Prognostic models are important tools in forecasting survival outcomes. Prognostication facilitates patient–physician discussions and serves as a critical first step in identifying patient subgroups and potentially individuals with a markedly distinct prognosis. Although such prognostic stratification cannot directly predict treatment benefit, it can help to inform clinical decision-making. In trial design, by directing interventions toward appropriate high-risk groups, prognostic indicators can maximize the likelihood of a clinically meaningful trial. Accurate indices often can allow inclusion of patients most likely to benefit and help to reduce trial cohort size.

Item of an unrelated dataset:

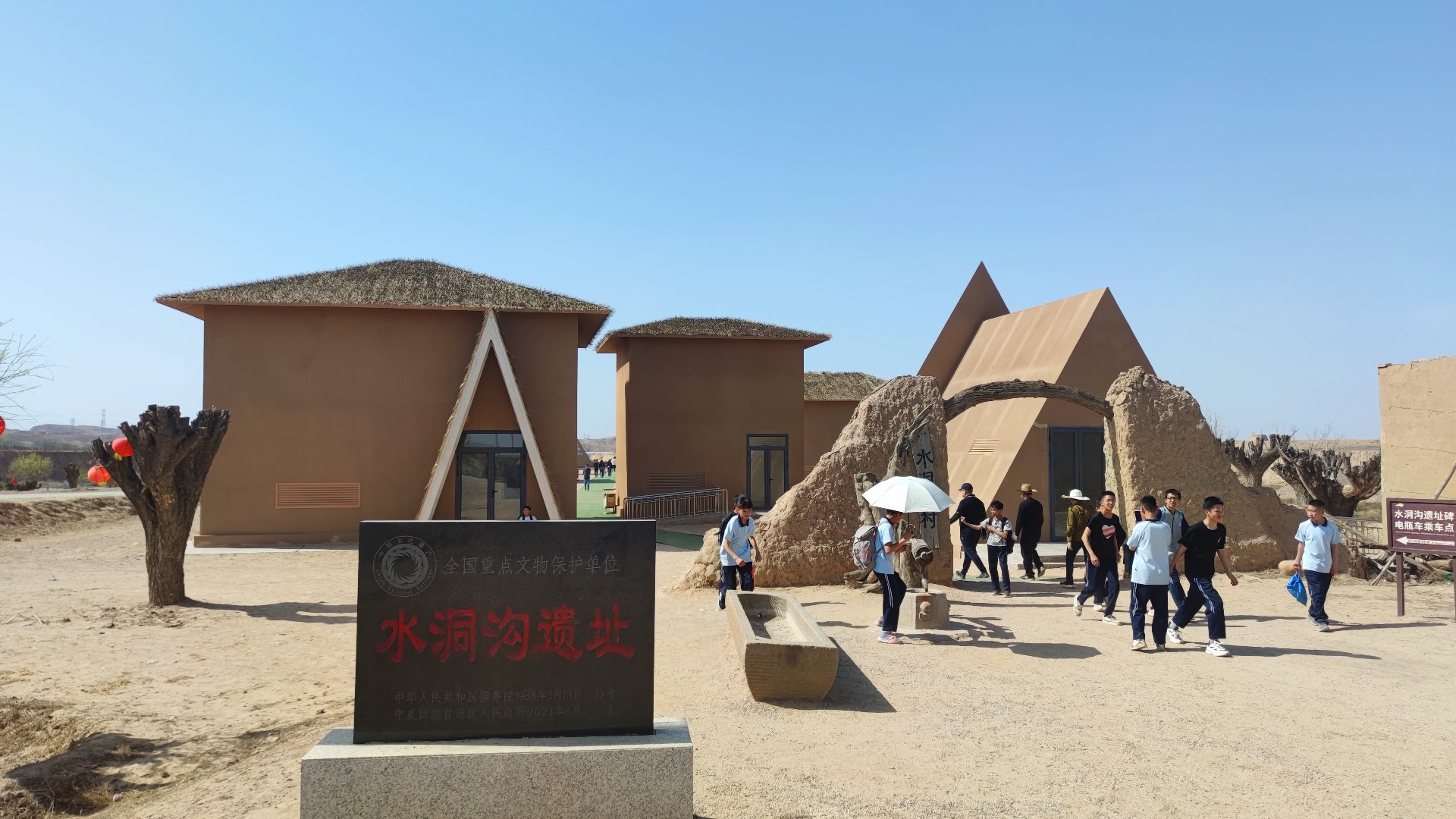 第一天我們抵達寧夏后,我們首先參觀了連世界考古學家都非常向往的四萬年前的水洞溝,跟隨講解員步伐聆聽三萬年前人類在此繁衍生息的故事,然后抵達碼頭后乘坐電瓶船,游蕩在湖水之間,上岸后乘坐駱駝和騾子車,前往機關重重的藏兵洞。

One of the first prognostic models for patients with resectable colorectal liver metastasis (CRLM) was developed by Fong et al.1 in 1999. In a cohort of 1001 patients from the Memorial Sloan Kettering Cancer Center (MSKCC) treated between 1985 and 1998, the authors selected five independent, preoperatively available predictors of survival for incorporation into a clinical risk score (CRS). The weight assigned to each prognostic factor was deliberately the same (although the relative hazards of death varied somewhat between predictors), transforming the model into an easy-to-calculate, 0- to 5-point score. Importantly, the CRS successfully distributed patients across a wide range of outcomes, with 5-year survival rates ranging from 60% for patients with 0 points to 14% for patients with 5 points, thus helping to identify potentially actionable patient subgroups. The original publication discussed the possible importance of neoadjuvant chemotherapy for patients with high CRS, which currently is standard practice. This description of combined characteristics associated with poor survival can render a model clinically relevant even if the discriminatory ability as reflected by the concordance index (c-index) and area under the curve (AUC) is not high. The CRS remained a valuable clinical tool for two decades.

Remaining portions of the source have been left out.